When he did figure out who the assholes were behind it, the identities of the idiots stirring the wolves up against them, he was going to rip them a new asshole before he skull-fucked them with a goddamned cactus.
He pulled up Google Earth and topographical maps of the wolf Clan land and started looking. Carefully looking. Aliah had tried some bullshit there. These latest idiots—there had to be something.
He thought about the scans of the book and switched over to that file. Of course everyone knew about the stones, one location lost to history, if not to progress, somewhere in Europe. The original stones supposedly used to pierce the veil and summon the Dark Ones, if the legends were to be believed.

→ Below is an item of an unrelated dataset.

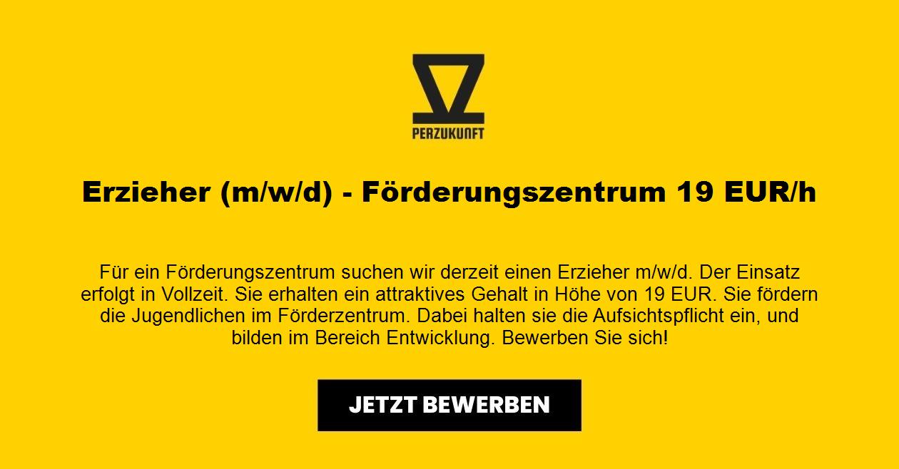 Für ein Förderungszentrum suchen wir derzeit einen Erzieher m/w/d. Der Einsatz erfolgt in Vollzeit. Sie erhalten ein attraktives Gehalt in Höhe von 19 EUR. Sie fördern die Jugendlichen im Förderzentrum. Dabei halten sie die Aufsichtspflicht ein, und bilden im Bereich Entwicklung. Bewerben Sie sich!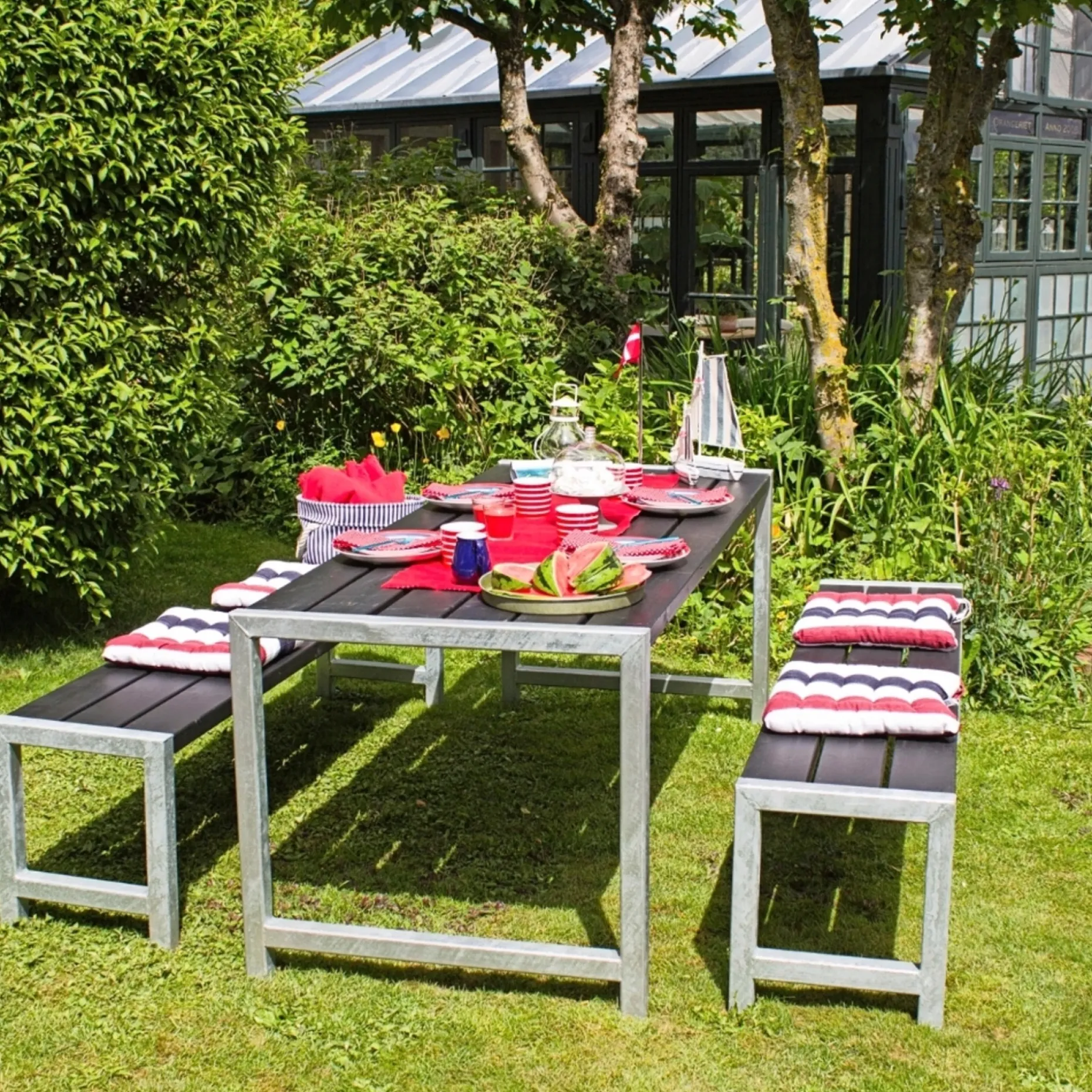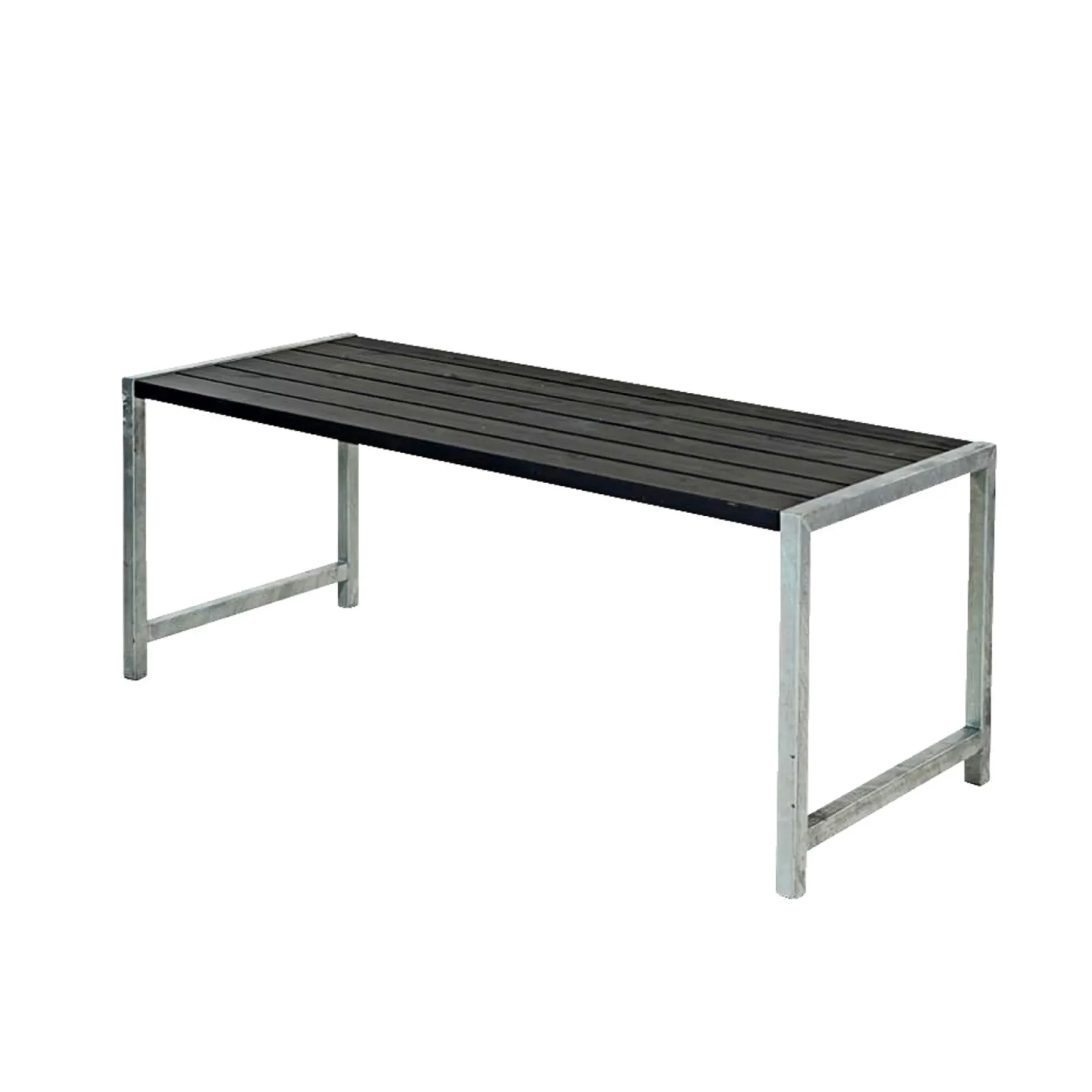 PLUS PLANKEBORD SORTPlankebord – 186 cm – SortPlanker:42×116 mm nåletræ.Fungicidbehandlet og grundmalet sort.Nærmeste RAL 9005 – vandbaseret. Varenr. 19816-15.Bord:Længde 186 cm – bredde 77 cm – højde 73 cm.Stel/ben: 45×45 mm varmgalvaniseret stål.Justérbare stillesko (0-15 mm).Leveres som “Saml selv”. Fungicidbehandlet og grundmalet

Hell, if that book was to be believed.
There it was, the page with the drawings.
The second drawing…
He studied it, then went back to the maps. There were possibly a couple of areas that might…
Really? Could it be that?
Pulse racing, Carl zoomed in and felt frustrated he couldn’t see right through the tree line. But if he compared the Google Earth shots to the topographical maps, it was possible that, just maybe, he’d figured out what so many people had apparently gone batshit over.
And it was slap in the middle of wolf Clan land.
Sitting back, he stared at his screen for a long time.
No. Fucking. Way.
It couldn’t be that simple, could it?
This would take some more researching. A lot more.
Digging into how the wolves came about their territory.
That they legally owned the land currently comprising their territory was not in dispute. They bought more every year, constantly expanding it.
But at some point in time before Maine was a colony or a state, someone had to have laid claim to this territory.
He wanted to know more about that.
Which wa
s where his money and contacts came in handy.
* * * *
Two weeks later, Carl was staring at a very detailed report tracing the lineage not of a person, but of property. Included in the huge binder full of information were copies of deeds and other records, including some written in French.
The summation was that the property could be traced back to the earliest settlers of the region and even before that. It was likely no coincidence that so many early settlers came from England and Scotland.
Interestingly enough, even before that, there were disputed theories about other explorers coming through, maybe even making contact with the indigenous people, before the written record.
Some said Vikings.
Carl rubbed a hand over his face. Plenty of early cockatrice nests were mistaken for—accidentally, or purposefully made to look like—Vikings. The conquest, the chaos.
It wasn’t uncommon to make cockatrice destruction look like Vikings were the guilty ones.
There were a few topographical anomalies in the wolf Clan territory that could potentially match up to the description Carl had given to his guy to scout out, although drone investigations were inconclusive. The locations were too far into the territory to be investigated. Perhaps with a helicopter.
Carl didn’t care.
He wanted to see for himself.
The next day, equipped with a backpack and water and some beef jerky, as well as a GPS, his phone, a tablet with the scanned book pages on it, a topographical map, and a gun, he headed into wolf Clan territory overland, from a state park. It would be longer but there were no residences and little chance of him encountering anyone.
It took him until the next morning to find it. When he did, he stood there, staring as if he’d found the Holy Grail.
Because he had.
“Holy fuck,” he whispered, shedding the backpack and scaling the rock pile.
Turning around, he suddenly felt a hot wind engulf him, spinning around him, and his world went black.